▸ **Work to be completed**
The listing below should be printed exactly, every line of it. Skip the pictures.

▸ **Data**

==========

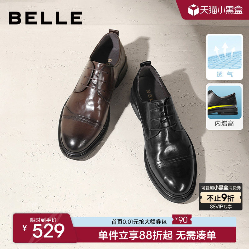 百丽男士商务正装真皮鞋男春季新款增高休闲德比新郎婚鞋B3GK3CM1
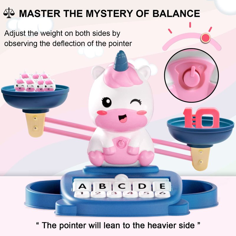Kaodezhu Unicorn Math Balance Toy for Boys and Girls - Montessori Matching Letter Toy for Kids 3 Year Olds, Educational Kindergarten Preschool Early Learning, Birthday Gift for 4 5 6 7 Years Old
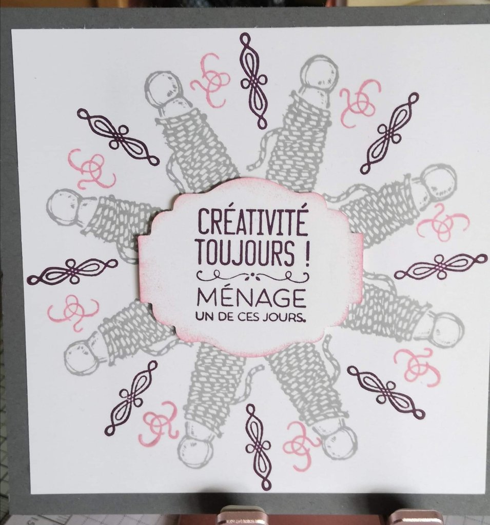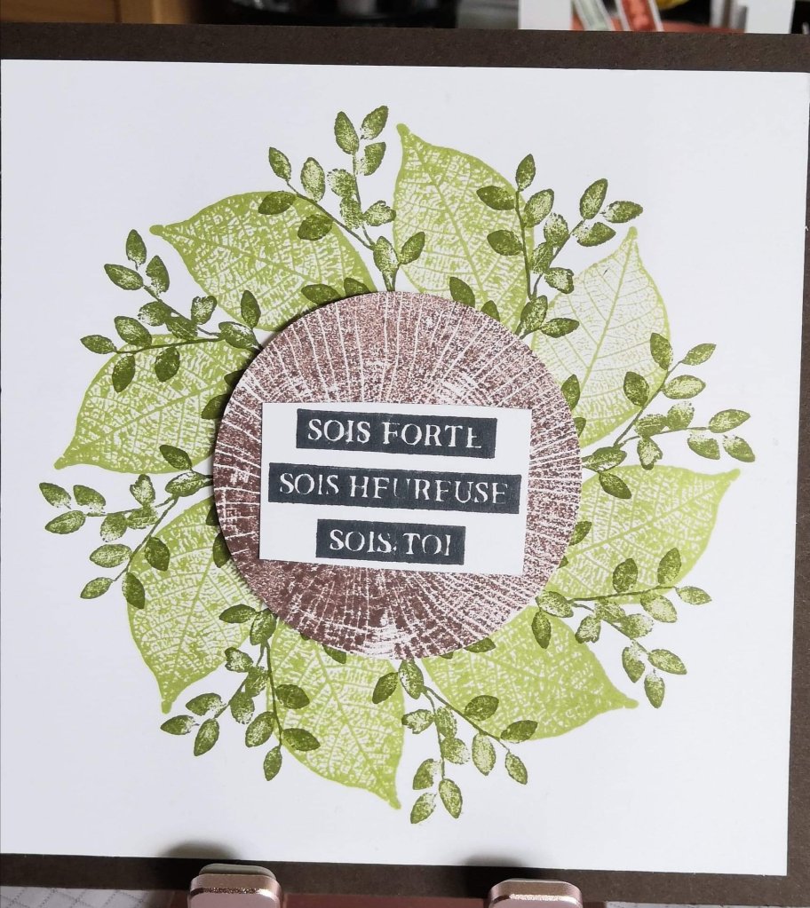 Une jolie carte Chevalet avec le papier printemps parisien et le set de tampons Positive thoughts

==========

▸ **Completed task**
 百丽男士商务正装真皮鞋男春季新款增高休闲德比新郎婚鞋B3GK3CM1
Kaodezhu Unicorn Math Balance Toy for Boys and Girls - Montessori Matching Letter Toy for Kids 3 Year Olds, Educational Kindergarten Preschool Early Learning, Birthday Gift for 4 5 6 7 Years Old
 Une jolie carte Chevalet avec le papier printemps parisien et le set de tampons Positive thoughts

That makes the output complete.